Conforme explicado pelo delegado responsável pelas investigações, Mikail Faria da 6ª Delegacia de Polícia Civil, duas formas do golpe foram identificadas. Na primeira, a pessoa consegue o número de telefone da vítima, entra em contato pelo Whatsapp e ambos começam a conversar.

Após ganhar confiança, o golpista manda uma foto de "nudes". A vítima envia outra e em seguida recebe contato de outra pessoa exigindo dinheiro para não processar a vítima ou divulgar a fotografia. “Nesses casos, os golpistas pedem em torno de R$ 2 mil, R$ 5 mil reais, porém essas fotos nunca existira, são fotos da internet, revista”, explicou o delegado.

“Em tempo de pandemia as pessoas estão mais carentes e sentimentais. O golpista se aproveita disso e vai entrando na mente da pessoa conversando, falando tudo que ela quer ouvir, fala que é do exterior, que vai mandar dinheiro, ou presentes e vai ganhando a vítima”, explicou Faria.

Em outro caso, uma mulher conversava com homem que conheceu em um site de relacionamento. O rapaz dizia ser americano. Contou que já teria vindo ao Brasil, por isso fala português.

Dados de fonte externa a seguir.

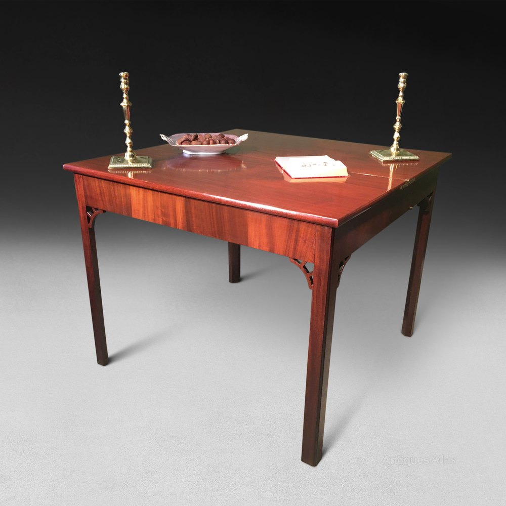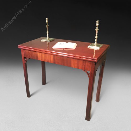 A George III mahogany turnover top tea table, with interesting concertina action to the supporting frieze, pull out supporting slide and raised on legs of square chamfered section with fretwork spandrels. The hinge to the concertina is stamped H Tibats.
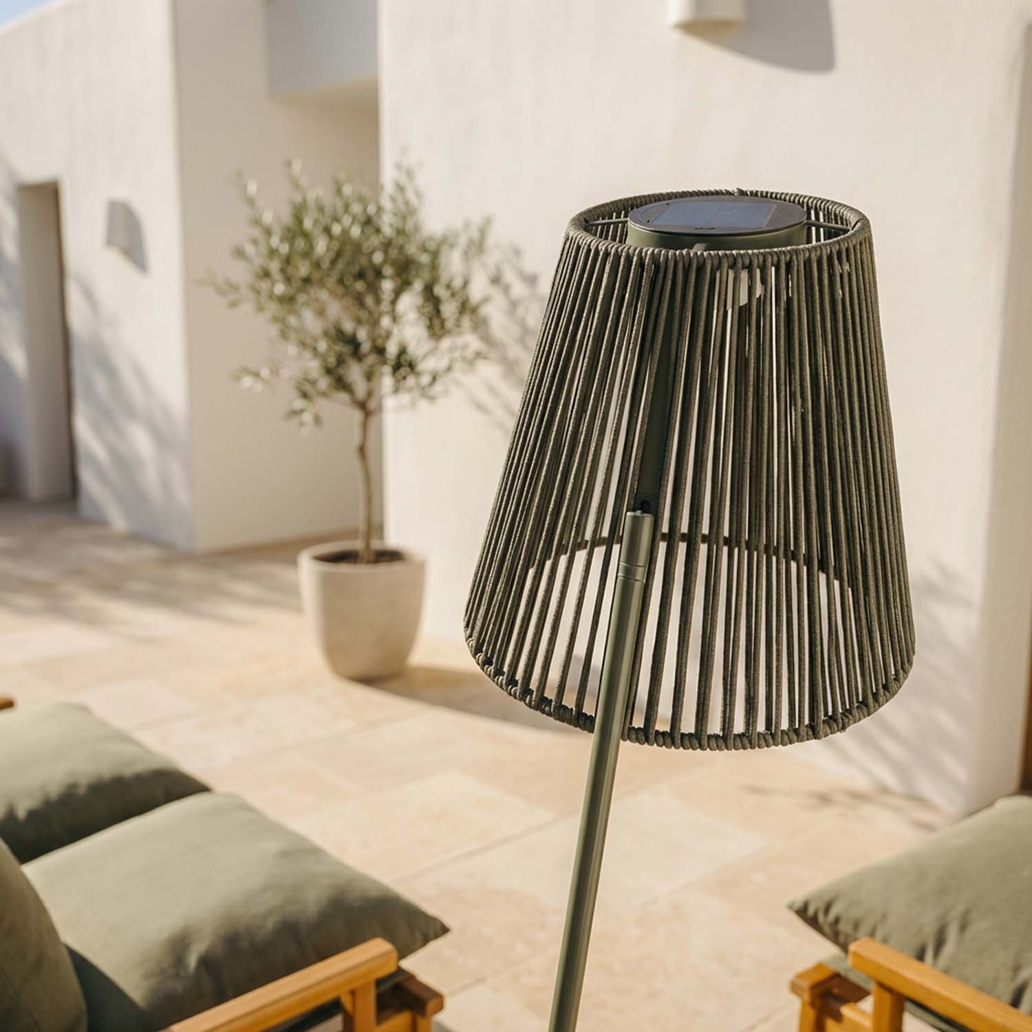 Ropelle is born from Maanta with a clear idea: to bring the atmosphere of a Mediterranean summer evening into your garden. The olefin polypropylene rope is not decoration — it is a screen that transforms light into a radial pattern of warm shadows. The solar panel makes it independent. The dusk sensor makes it smart. The iron coating makes it resistant to sun, rain and salt air. No cables to bury, no electrician to call: just light, where and when you need it.

À mulher, o homem disse que teria R$ 3 milhões de dólares e que mandaria o dinheiro para ela, pois planejava vir morar no Brasil, assim que acabar a missão. Certo dia, ele contou que o dinheiro que enviou ficou retido na receita federal. “Em seguida outra pessoa ligou para a vítima, se passando por um funcionário da receita pedindo depósito de dinheiro  ou que a pessoa pagasse um boleto referente a taxas para que o produto fosse liberado. Nesse caso, a pessoa gastou R$ 15 mil reais”, contou o delegado.

Outro caso parecido ocorreu com uma mulher que perdeu cerca de R$ 37 mil. “Ele [golpista] disse que era do exterior, que viria pra cá para ser feliz com ela. Falou que ia mandar dinheiro, depois começaram a ligar para pedindo para que depositasse certos valores, se não, não poderiam liberar o pagamento do rapaz para ela”, detalhou.

Ainda segundo o delegado, nesse último caso, a mulher só percebeu o golpe após realizar o 5° depósito. “Não foi tudo de uma vez. Primeiro ele pedia depósito de R# 2,5 mil depois avisava que não era em reais, era pra ser em dólares, aí o valor multiplica. Depois segue falando que faltou só mais R$ 2 mil para concluir. E assim ele vai levando a pessoa para ver o quanto ela consegue”, disse.

Após o aumento desses casos, a polícia tem feito alerta para que as pessoas se previnam e tomem cuidados ao tentarem se relacionar principalmente pela internet.

"Ao se relacionar com alguém, procure saber quem é a pessoa, opte por chamadas de vídeo ou marque um encontro em local público. Se a pessoa do outro lado pedir dinheiro, desconfie, é golpe. Jamais deposite ou transfira dinheiro", diz o alerta da polícia.